**EXERCISE PROMPT**:
Once you find the line with "Mauser action with" in the data below, transcribe exactly each line from there to the line with "無造作なパーマでグランジ風に", inclusive, and nothing else. Drop the pictures.

**RECORDS FOR THIS EXERCISE**:

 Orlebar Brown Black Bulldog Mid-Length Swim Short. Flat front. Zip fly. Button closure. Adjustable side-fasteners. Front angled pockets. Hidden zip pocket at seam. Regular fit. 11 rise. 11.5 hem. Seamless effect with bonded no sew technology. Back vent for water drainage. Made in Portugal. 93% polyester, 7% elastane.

---

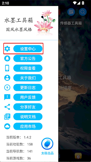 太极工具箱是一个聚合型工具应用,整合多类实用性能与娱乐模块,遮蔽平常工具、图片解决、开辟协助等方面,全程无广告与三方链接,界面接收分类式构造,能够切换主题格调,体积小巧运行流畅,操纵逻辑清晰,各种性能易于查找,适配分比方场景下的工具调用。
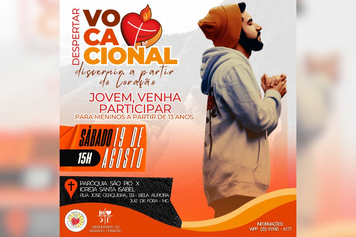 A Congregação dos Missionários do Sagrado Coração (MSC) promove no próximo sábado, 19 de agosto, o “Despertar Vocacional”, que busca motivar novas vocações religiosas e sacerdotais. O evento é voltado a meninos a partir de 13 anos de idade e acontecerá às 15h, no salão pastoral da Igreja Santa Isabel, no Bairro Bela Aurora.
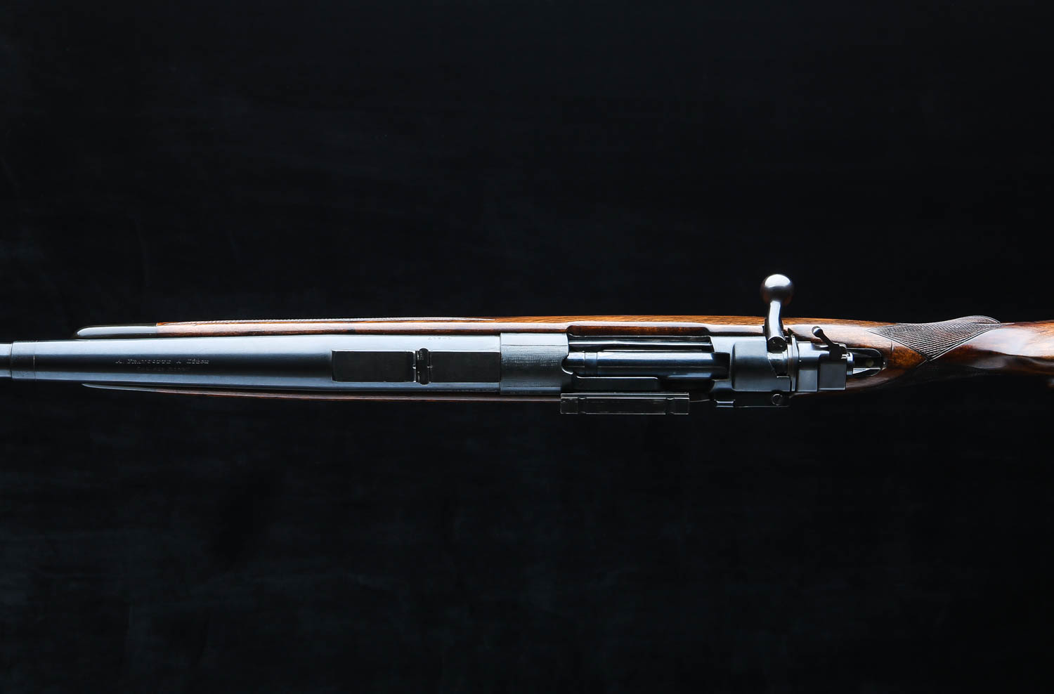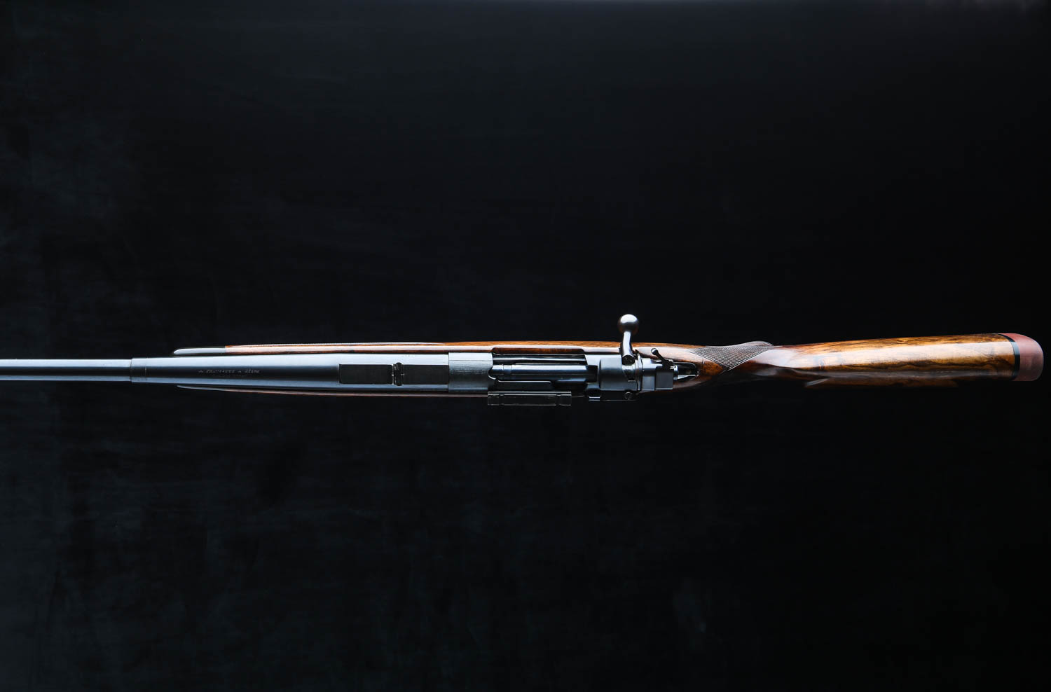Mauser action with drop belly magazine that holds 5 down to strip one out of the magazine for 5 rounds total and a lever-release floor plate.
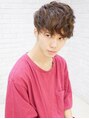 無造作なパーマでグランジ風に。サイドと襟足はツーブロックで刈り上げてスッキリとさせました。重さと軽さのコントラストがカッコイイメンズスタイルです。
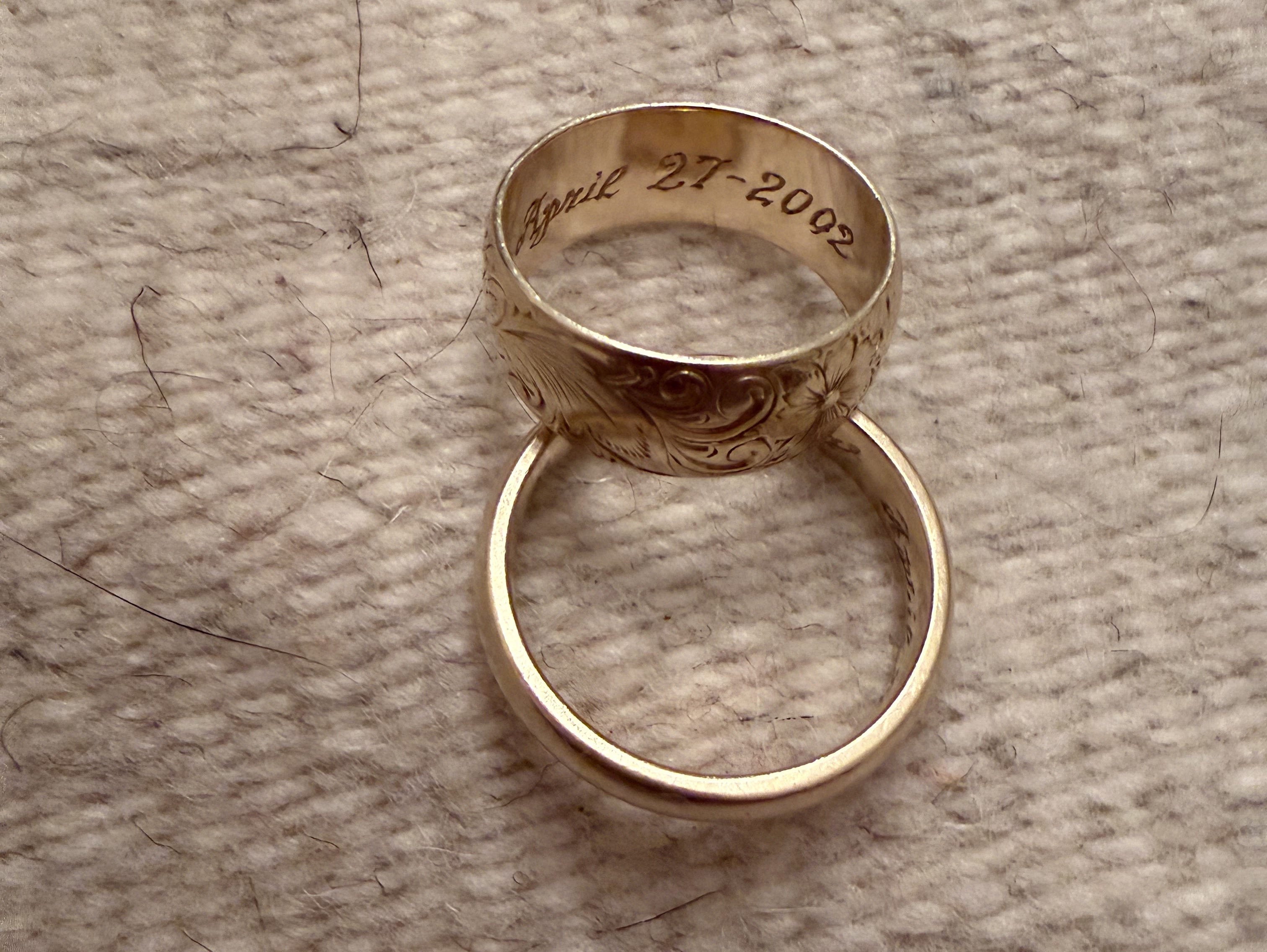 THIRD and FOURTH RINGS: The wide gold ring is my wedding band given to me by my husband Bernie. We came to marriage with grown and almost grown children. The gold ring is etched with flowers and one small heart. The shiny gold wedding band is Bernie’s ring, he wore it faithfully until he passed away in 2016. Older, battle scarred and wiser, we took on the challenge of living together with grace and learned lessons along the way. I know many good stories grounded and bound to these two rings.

**PROBLEM SOLUTION**:
Mauser action with drop belly magazine that holds 5 down to strip one out of the magazine for 5 rounds total and a lever-release floor plate.
 無造作なパーマでグランジ風に。サイドと襟足はツーブロックで刈り上げてスッキリとさせました。重さと軽さのコントラストがカッコイイメンズスタイルです。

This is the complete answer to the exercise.